Bug 622468

Summary: RFE: be able to restart the agent VM on OOM or core dump
Product: [Other] RHQ Project Reporter: John Mazzitelli <mazz>
Component: AgentAssignee: John Mazzitelli <mazz>
Status: NEW --- QA Contact: Mike Foley <mfoley>
Severity: low Docs Contact:
Priority: low    
Version: 4.0.0CC: hrupp, jshaughn
Target Milestone: ---   
Target Release: ---   
Hardware: All   
OS: All   
Whiteboard:
Fixed In Version: Doc Type: Bug Fix
Doc Text:
Story Points: ---
Clone Of: Environment:
Last Closed: Type: ---
Regression: --- Mount Type: ---
Documentation: --- CRM:
Verified Versions: Category: ---
oVirt Team: --- RHEL 7.3 requirements from Atomic Host:
Cloudforms Team: ---

Description John Mazzitelli 2010-08-09 09:21:45 EDT
Description of problem:

Sometimes the agent my core dump (e.g. due to an error in a third party native library that causes a segfault) or may run out of memory (e.g.

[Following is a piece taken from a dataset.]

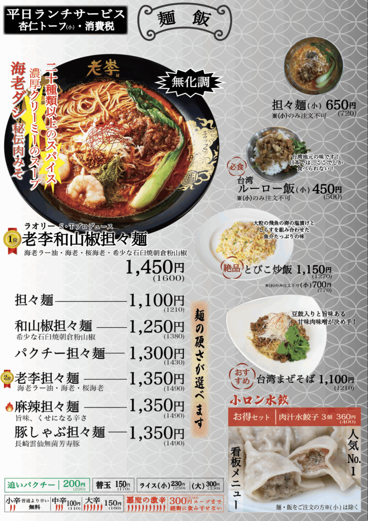 台湾水餃 LAO LEE かもめ市場店(横丁) メニュー

OutOfMemoryError).

It would be nice to have the agent VM restart whenever it encounters these. The SUN JVM has these options to easily enable this:

-XX:OnError="<cmd args>;<cmd args>"	Run user-defined commands on fatal error. (Introduced in 1.4.2 update 9.)

-XX:OnOutOfMemoryError="<cmd args>;
<cmd args>" 	Run user-defined commands when an OutOfMemoryError is first thrown. (Introduced in 1.4.2 update 12, 6) 

All we'd need to do is add these arguments to the VM startup command in rhq-agent.bat, rhq-agent.sh.

The only difficulty would be in determining what command to invoke - do we need to pass in the full VM command line (from "java" through to all VM opts and cmdlinea args again?). To make it easy, I say we just start the VM using the service wrapper script - rhq-agent-wrapper.bat/sh

Note that on Windows, we may already have configured the Java Service Wrapper to restart the agent when OutOfMemoryError messages are spit out - if these VM options work as advertised, we can unconfigure JSW and rely on the VM itself to restart itself.
Comment 1 Jay Shaughnessy 2014-06-18 17:07:05 EDT
We have the VM check thread, but this is different, this is actually having the VM restart on OOM crashes.